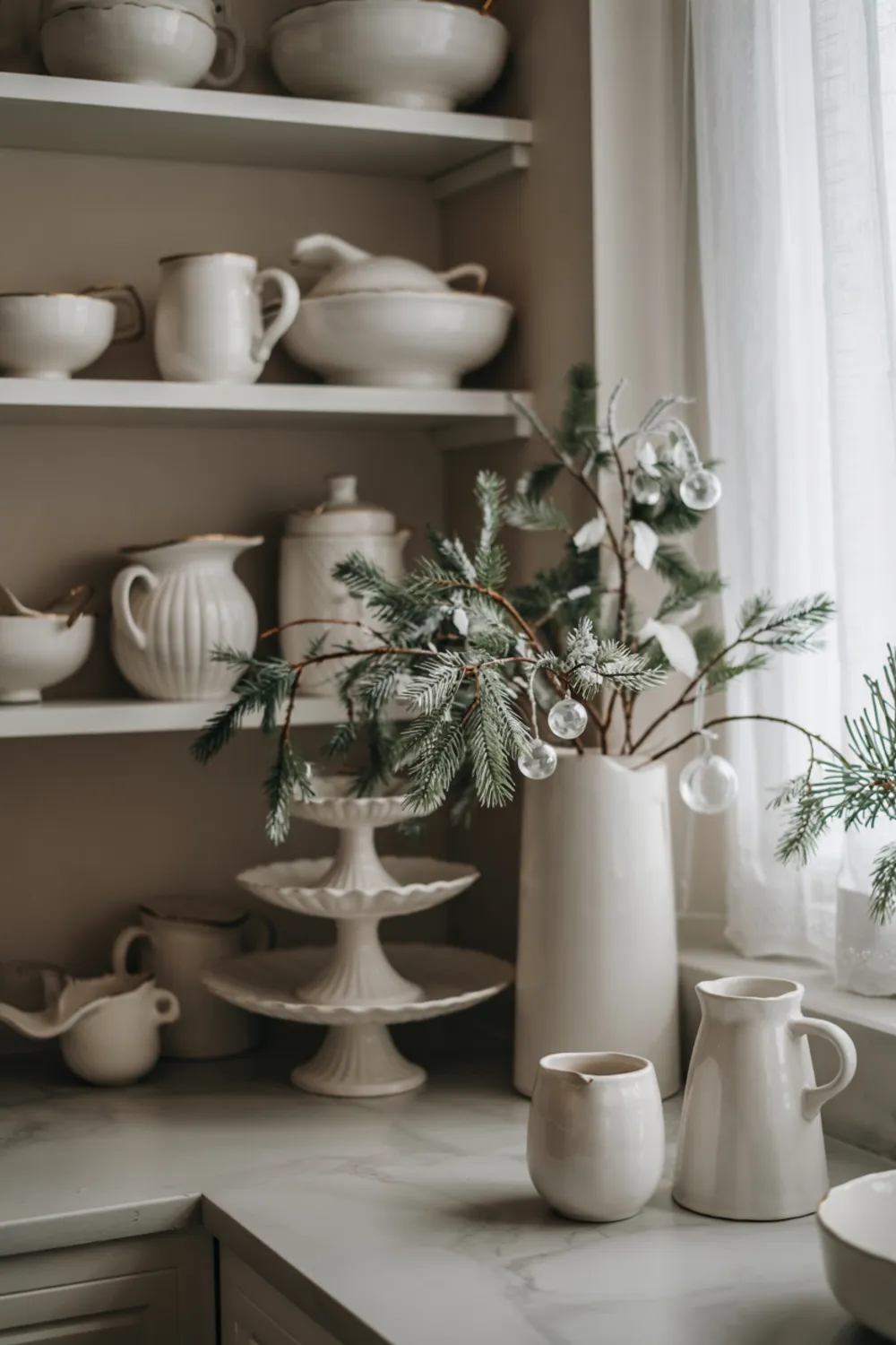 If you love a bright kitchen, a white-on-white winter look feels clean and calming. Style shelves with white ceramics, clear glass, and frosted pine branches for a winter wonderland vibe that still reads non Christmas winter decor.
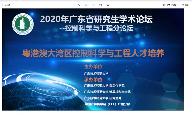 因疫情原因,论坛以“云会议”形式召开。东北大学付俊教授、南京农业大学舒磊教授、广东外语外贸大学蒋盛益教授、中山大学王昌栋副教授、广东工业大学武继刚教授和徐维超教授,太阳集团赵慧民教授、唐宇教授等先后在论坛作报告,与会的专家学者围绕Dynamic optimization and control of nonlinear systems、未来农业-光伏农场物联网的研究与展望、多语言信息处理实践与探索、多视图流数据聚类及其应用、容错处理器阵列:重构算法研究与进展、人工智能技术及其在信息处理的应用、野外环境下面向采摘机器人的荔枝果实检测与采摘点定位等汇报主题展开深入探讨,聚焦控制科学领域的重大关键科学问题。
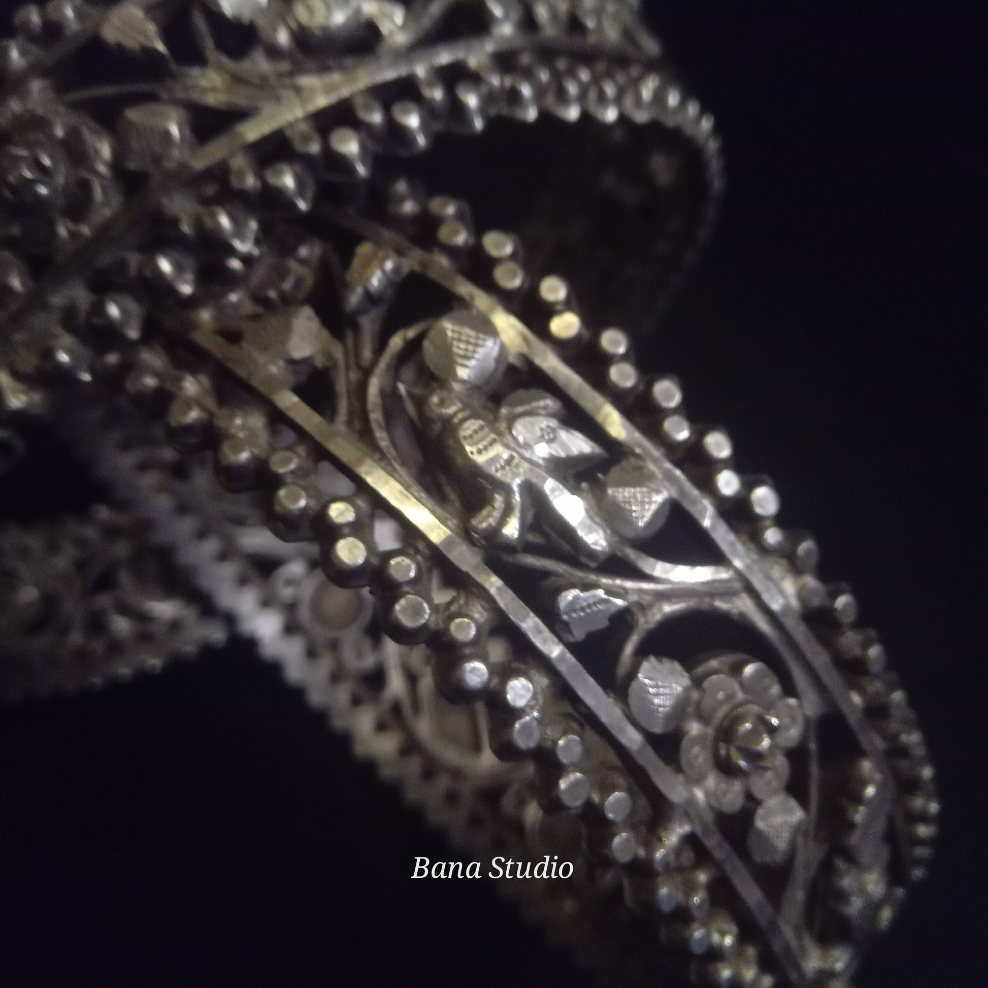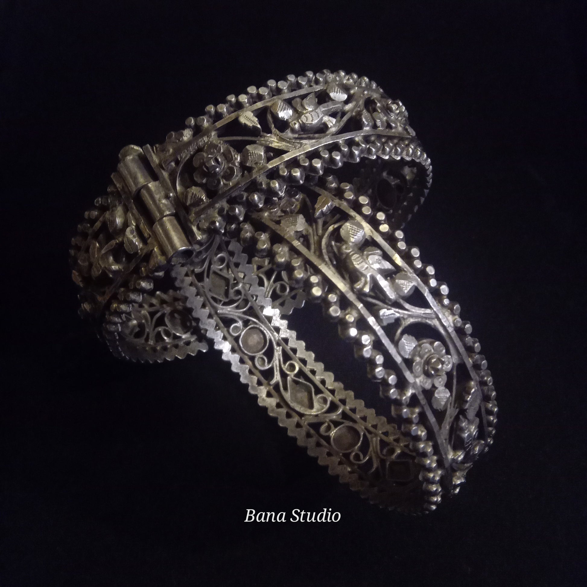 हाथ से तैयार सुंदर चांदी के कंगन।
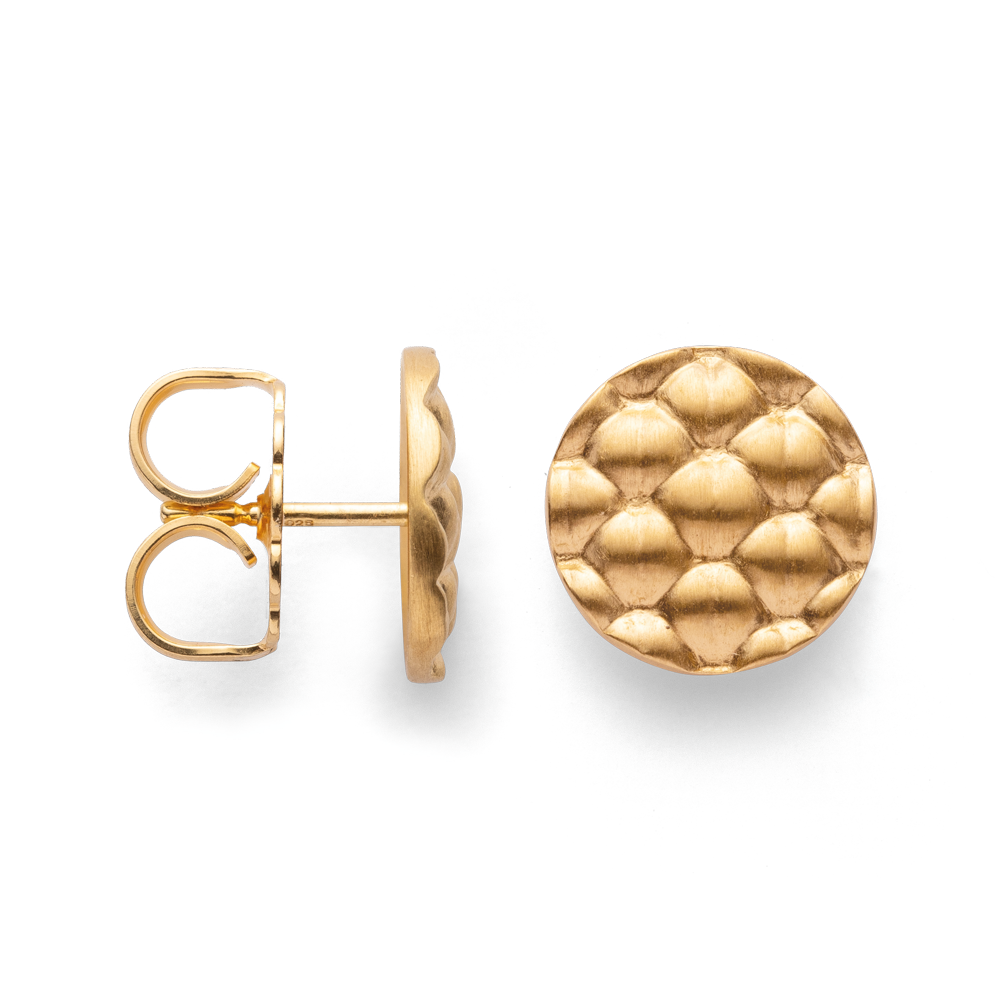 A jewelry design based on nature made of gold-plated 925/- sterling silver impresses with its characteristic surface structure. The particularly high-quality and striking appearance makes the finely handcrafted designer earrings real eye-catchers. Perfect in combination with the corresponding pendant. The master goldsmith Thomas Mayer, who lives in Rottenburg am Neckar, used his years as a journeyman to gain know-how and experience in various workshops. He loves experimenting with different materials, surfaces and natural impressions in his workshop. With this experience he is able to design sophisticated pieces of jewelry with his own signature. “For me, nature is the measure of all things.” (Thomas Mayer) All bastian inverun pieces of jewelry are delivered including appropriate jewelry packaging. Dimensions: Diameter : 1.2 cm
################
Aim of the exercise
Recopy the whole listing above precisely, excluding images.

Task answer
 If you love a bright kitchen, a white-on-white winter look feels clean and calming. Style shelves with white ceramics, clear glass, and frosted pine branches for a winter wonderland vibe that still reads non Christmas winter decor.
 因疫情原因,论坛以“云会议”形式召开。东北大学付俊教授、南京农业大学舒磊教授、广东外语外贸大学蒋盛益教授、中山大学王昌栋副教授、广东工业大学武继刚教授和徐维超教授,太阳集团赵慧民教授、唐宇教授等先后在论坛作报告,与会的专家学者围绕Dynamic optimization and control of nonlinear systems、未来农业-光伏农场物联网的研究与展望、多语言信息处理实践与探索、多视图流数据聚类及其应用、容错处理器阵列:重构算法研究与进展、人工智能技术及其在信息处理的应用、野外环境下面向采摘机器人的荔枝果实检测与采摘点定位等汇报主题展开深入探讨,聚焦控制科学领域的重大关键科学问题。
 हाथ से तैयार सुंदर चांदी के कंगन।
 A jewelry design based on nature made of gold-plated 925/- sterling silver impresses with its characteristic surface structure. The particularly high-quality and striking appearance makes the finely handcrafted designer earrings real eye-catchers. Perfect in combination with the corresponding pendant. The master goldsmith Thomas Mayer, who lives in Rottenburg am Neckar, used his years as a journeyman to gain know-how and experience in various workshops. He loves experimenting with different materials, surfaces and natural impressions in his workshop. With this experience he is able to design sophisticated pieces of jewelry with his own signature. “For me, nature is the measure of all things.” (Thomas Mayer) All bastian inverun pieces of jewelry are delivered including appropriate jewelry packaging. Dimensions: Diameter : 1.2 cm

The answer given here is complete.